Solid lipid Particles as Drug Carriers - Effects of Particle Preparation Methods and Lipid Excipients on Particle Characteristics

Cintia Kieffer Gamboa; Ranoda Samir; Chengyu Wu; Huiling Mu

doi:10.2174/2211738506666180420165547

Solid lipid Particles as Drug Carriers - Effects of Particle Preparation Methods and Lipid Excipients on Particle Characteristics

Cintia Kieffer Gamboa, Ranoda Samir, Chengyu Wu, Huiling Mu

5 Citations (Scopus)

Abstract

BACKGROUND: Oral delivery of biopharmaceuticals is limited by the absorption barriers in the gastrointestinal tract (GIT) such as low permeability across the biological membranes and the enzymatic degradation by proteases. In this study, lipid based drug delivery systems were proposed to overcome these obstacles.

OBJECTIVE: The aim of this study was to evaluate the effect of particle preparation methods and excipients on the characteristics of solid lipid microparticles (SLM) and solid lipid nanoparticles (SLN).

METHOD: Different triglycerides (TG) were used as the major excipients for the SLM and SLN. Insulin was used as the model protein; insulin-phospholipid (PL) was prepared to increase drug lipophilicity and compatibility with lipid excipients. Four methods were used for preparing lipid particles, i.e. a Hot Melting Dispersion (HMD) technique, a Solvent Evaporation (SE) method, a modified Solvent Evaporation (mSE) method and a Spray Drying technique. The lipid particles were evaluated in terms of size, size distribution, surface morphology and drug entrapment efficiency (EE).
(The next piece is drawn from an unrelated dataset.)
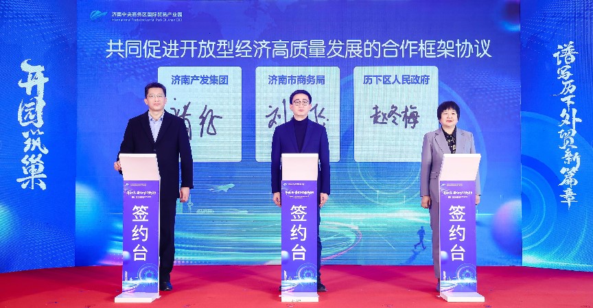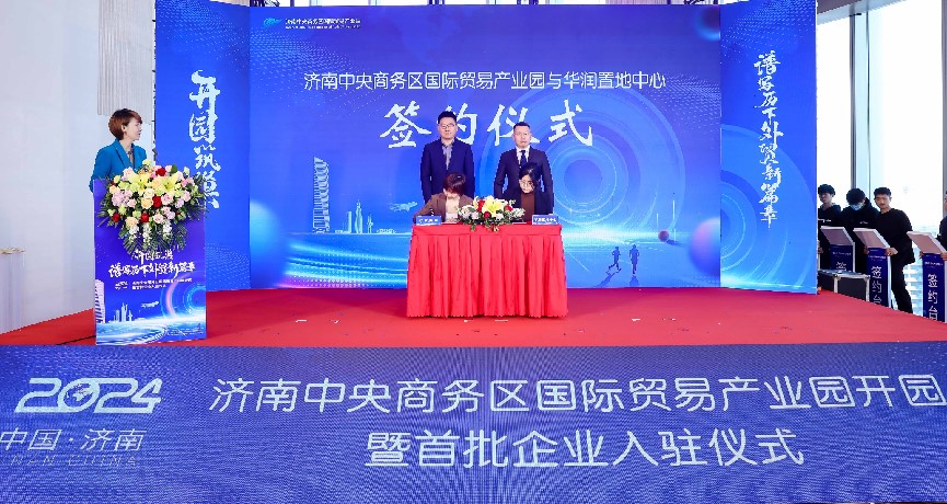 在入駐簽約環(huán)節(jié),濟(jì)南國商園區(qū)運(yùn)營管理有限公司總經(jīng)理陳蕾與華潤置地中心項(xiàng)目負(fù)責(zé)人李靜宜簽訂了委托運(yùn)營協(xié)議;劉燕飛、趙冬梅、褚征分別代表濟(jì)南市商務(wù)局、濟(jì)南市歷下區(qū)人民政府、濟(jì)南產(chǎn)發(fā)集團(tuán)共同簽署《共同促進(jìn)開放型經(jīng)濟(jì)高質(zhì)量發(fā)展合作框架協(xié)議書》;王紅、楊傳軍、趙治文、楊福濤、王海清、黃蓓、邵丹丹共同按下啟動(dòng)開園按鈕,宣告濟(jì)南中央商務(wù)區(qū)國際貿(mào)易產(chǎn)業(yè)園正式開園。
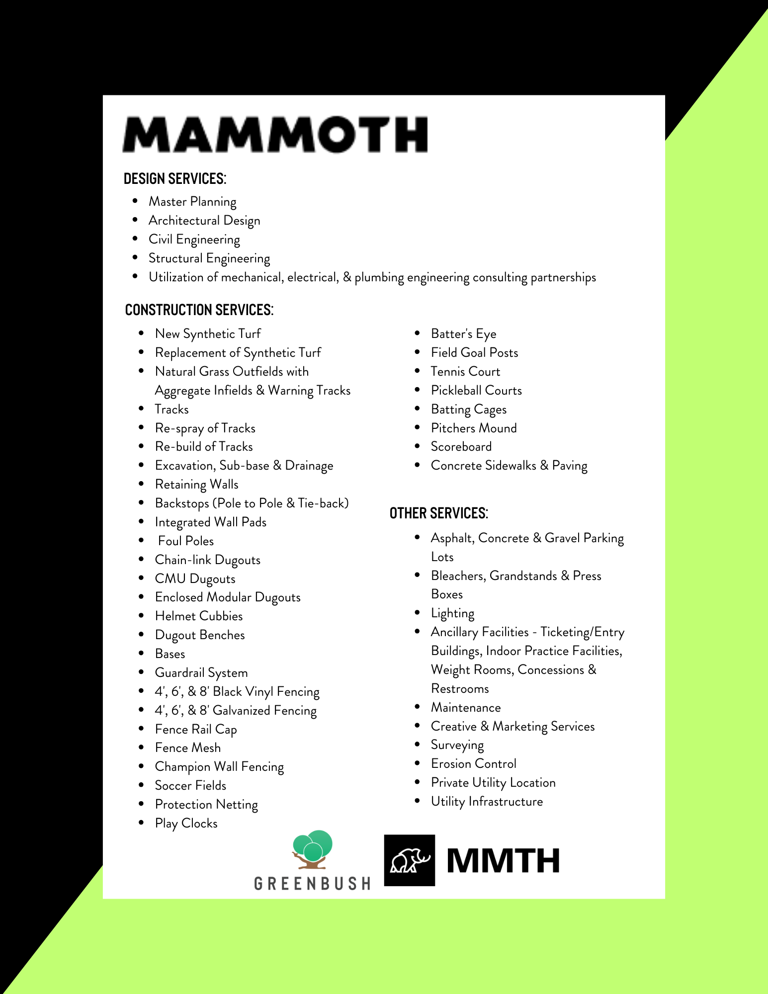 OverviewMammoth is a modern master build firm dedicated to building the places where passion and community collide. The company consults, creates, and constructs sports projects of every size. Past work includes the NFL, Big 10, SEC, Big 12, MIAA, NSIC, NAIA, GLVC, KCAC, Heart of America, and Gulf South conferences, along with thousands of high schools.

RESULTS: The results suggested that SE method was the most suitable method for preparing insulin-PL loaded solid lipid particles (SLP). No differences were observed when the SLP with a long chain triglyceride (LCT) either a medium chain triglyceride (MCT) in term of size. 70-90 % of the lipidified insulin was incorporated in the lipid particles.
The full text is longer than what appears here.